Sometimes my role as an Ag journalist affords me an out-of-body viewpoint of agriculture.
Because I did not grow up in the industry but transitioned into it as a journalist years into my career I’ve never really viewed myself as an insider. Still, I have had almost unfettered access to some industry insiders, some of whom have taken me under a wing and helped me understand the things I write about.
One thing I’ve observed over the years as farmers, ranchers and industry officials discuss issues of common interest is how quickly the agriculture industry can turn on itself.
This is happening right now in California’s fractured water wars and it needs to stop.
If you hold to the idea that about 1 percent of the American population farms commercially, then back out all those who do so without a keen interest in irrigation water, the ratio between those who control the water and those who directly use it is staggering.
It’s not just the water issues that can pit farmers against each other, but it’s as good an example as any right now given current circumstances.
I’ve spoken with farm leaders about this and of those I’ve talked to, they’ll all agree that agriculture needs to come together on everything that affects the industry. Then when the rumors are leaked from private discussions and lobbying efforts over a cornucopia of issues it becomes apparent that sometimes what they preach they do not practice.
It’s certainly not my aim to “out” those leaders, but you’d know them if I shared their names.
One of them went so far as to personally invite me to chat with him over this very issue. When I left his office I felt good that I’m not the only one with these thoughts and that well-placed Ag leaders share these ideas.
Yet too many times over issues related to water, land use and other big-picture ideas those involved in these groups start to nit-pick. At least that’s what I’m told as I’m never part of those discussions.

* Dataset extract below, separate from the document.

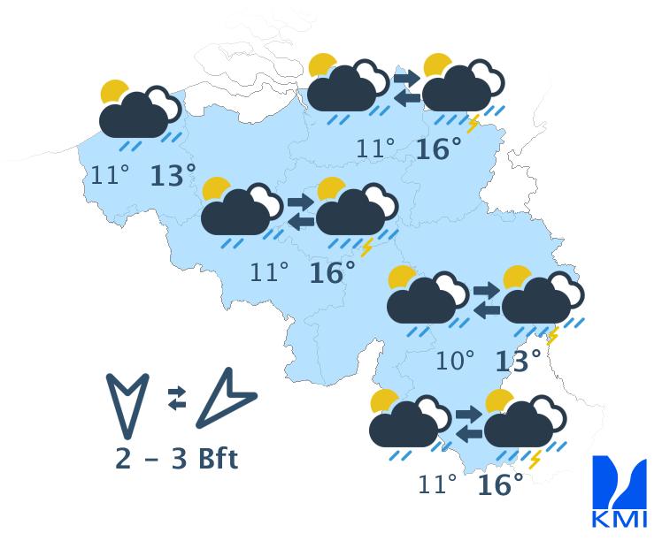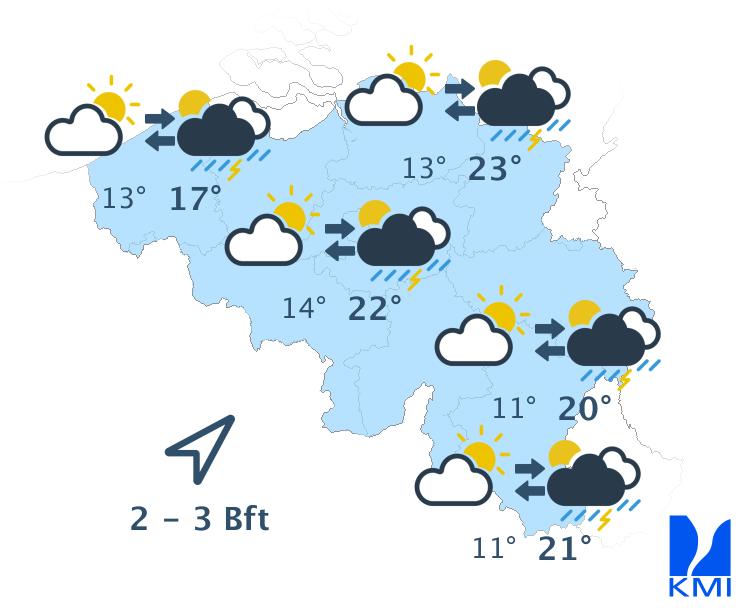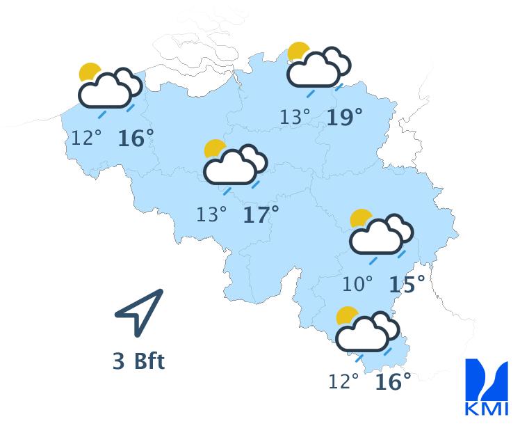 Morgenvroeg is het gedeeltelijk bewolkt. In het centrum en noorden en nadien ook elders worden de opklaringen geleidelijk aan breder. In de loop van de namiddag wordt het uiteindelijk zonnig. Het wordt vrij warm met maxima tussen 15 graden aan zee en 22 graden in Belgisch Lotharingen. De wind is goed voelbaar. Er staat een matige of aan zee vrij krachtige wind uit het oosten tot noordoosten, met rukwinden tot 50 km/u of aan zee wat meer.

The accusations all seem quite plausible as at the coffee shop and elsewhere you’ll hear one story about one group that is “out to lunch” on an issue, then when you sit with those from the “out-to-lunch” crowd, it’s the other side that has it wrong.
Sadly what I’ve said before bears repeating: agriculture can ill-afford to be as fractured as it is. To be specific, our more immediate and long term water needs will require us to check our egos at the door. Generally speaking, we need all the allies we can get.
Fortunately, we have the ability and the technology to overcome these challenges. We simply need to prioritize our political and financial capital to get it done.
How much better off would California be if we moved with the same determination and speed on water storage that is currently being used to build an unnecessary bullet train?